[Opening Provided material section]
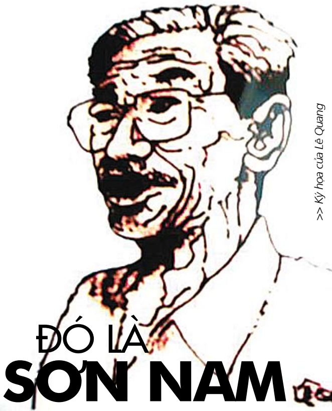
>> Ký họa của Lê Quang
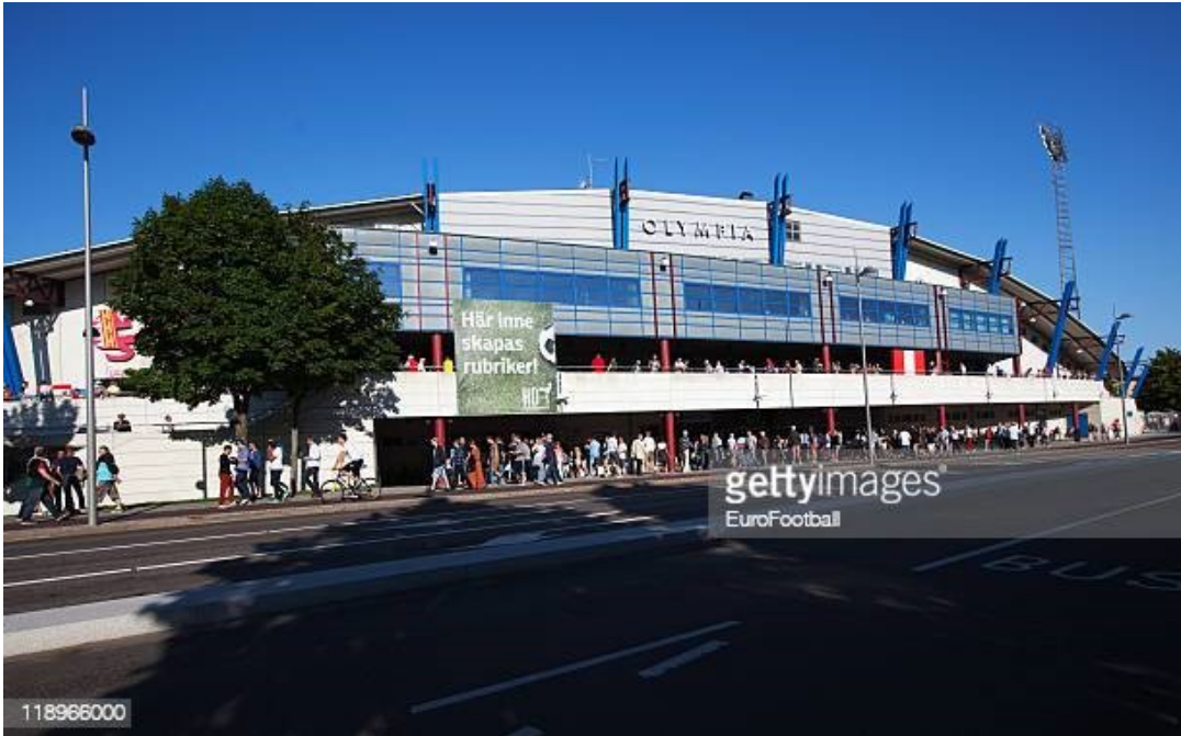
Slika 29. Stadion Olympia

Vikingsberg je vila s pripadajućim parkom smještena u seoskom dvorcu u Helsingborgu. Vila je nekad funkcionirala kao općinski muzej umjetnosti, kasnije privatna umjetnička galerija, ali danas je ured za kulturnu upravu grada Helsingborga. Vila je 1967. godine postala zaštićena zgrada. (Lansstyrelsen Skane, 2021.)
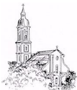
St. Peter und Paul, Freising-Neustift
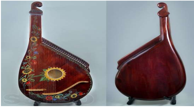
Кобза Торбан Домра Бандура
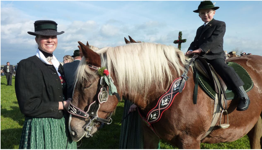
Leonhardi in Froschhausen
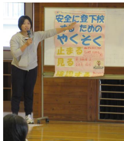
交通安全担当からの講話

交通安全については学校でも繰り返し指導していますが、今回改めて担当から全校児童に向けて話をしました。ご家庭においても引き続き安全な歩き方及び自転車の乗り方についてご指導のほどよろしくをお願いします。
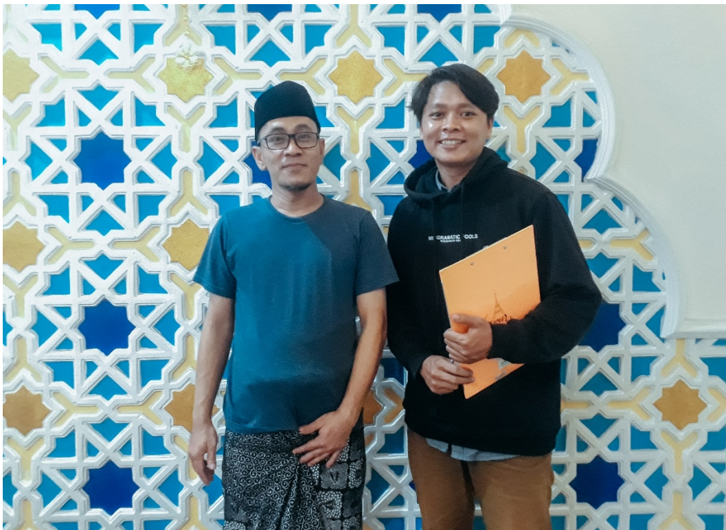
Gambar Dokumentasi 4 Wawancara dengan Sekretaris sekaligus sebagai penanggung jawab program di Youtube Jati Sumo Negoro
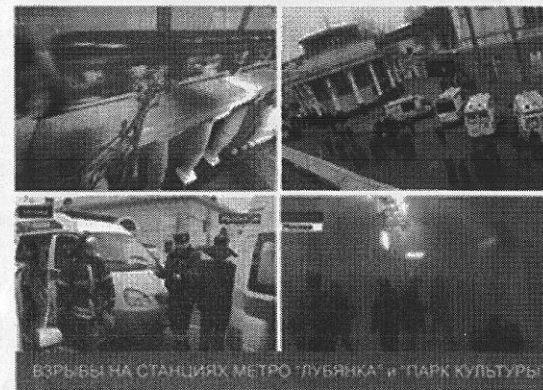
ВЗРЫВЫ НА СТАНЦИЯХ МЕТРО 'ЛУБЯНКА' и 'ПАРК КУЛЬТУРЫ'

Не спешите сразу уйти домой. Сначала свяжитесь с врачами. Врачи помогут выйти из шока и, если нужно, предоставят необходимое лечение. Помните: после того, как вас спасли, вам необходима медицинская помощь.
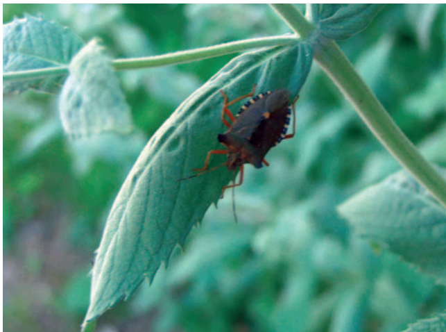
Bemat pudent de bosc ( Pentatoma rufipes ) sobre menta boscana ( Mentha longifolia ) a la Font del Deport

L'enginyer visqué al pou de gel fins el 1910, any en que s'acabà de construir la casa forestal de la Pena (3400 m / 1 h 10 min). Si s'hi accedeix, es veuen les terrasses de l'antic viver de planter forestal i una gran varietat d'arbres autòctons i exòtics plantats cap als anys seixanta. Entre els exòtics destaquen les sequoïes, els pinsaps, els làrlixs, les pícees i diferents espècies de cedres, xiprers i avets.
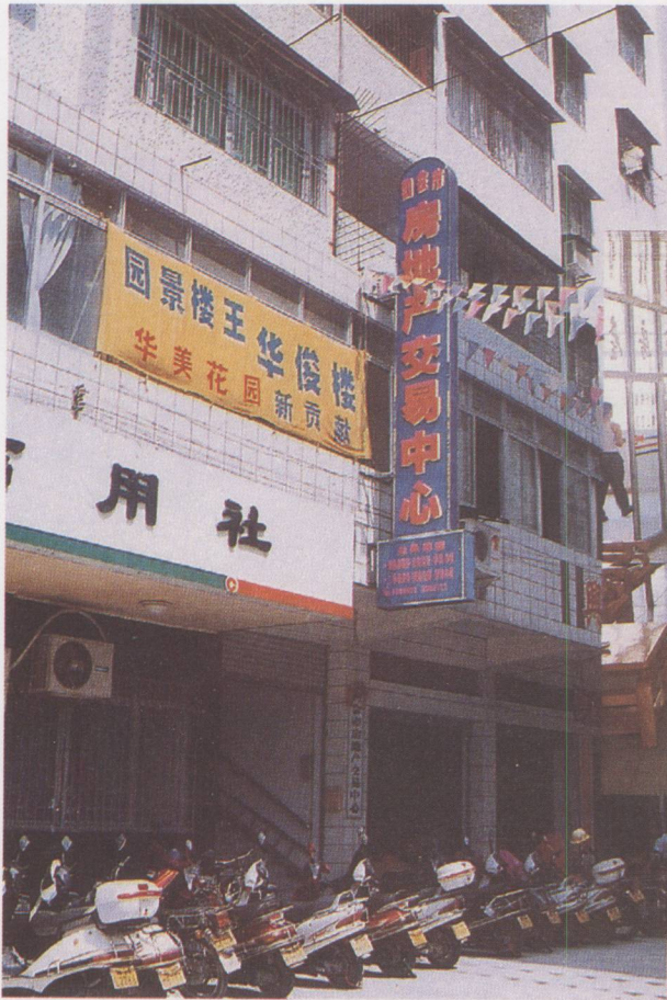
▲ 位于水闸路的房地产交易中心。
[Closing Provided material section]
Exercise goal:
Each line from the top of the material through the line containing "ВЗРЫВЫ НА СТАНЦИЯХ" should be reproduced exactly; please drop any images.

Completed exercise:
>> Ký họa của Lê Quang
Slika 29. Stadion Olympia

Vikingsberg je vila s pripadajućim parkom smještena u seoskom dvorcu u Helsingborgu. Vila je nekad funkcionirala kao općinski muzej umjetnosti, kasnije privatna umjetnička galerija, ali danas je ured za kulturnu upravu grada Helsingborga. Vila je 1967. godine postala zaštićena zgrada. (Lansstyrelsen Skane, 2021.)
St. Peter und Paul, Freising-Neustift
Кобза Торбан Домра Бандура
Leonhardi in Froschhausen
交通安全担当からの講話

交通安全については学校でも繰り返し指導していますが、今回改めて担当から全校児童に向けて話をしました。ご家庭においても引き続き安全な歩き方及び自転車の乗り方についてご指導のほどよろしくをお願いします。
Gambar Dokumentasi 4 Wawancara dengan Sekretaris sekaligus sebagai penanggung jawab program di Youtube Jati Sumo Negoro
ВЗРЫВЫ НА СТАНЦИЯХ МЕТРО 'ЛУБЯНКА' и 'ПАРК КУЛЬТУРЫ'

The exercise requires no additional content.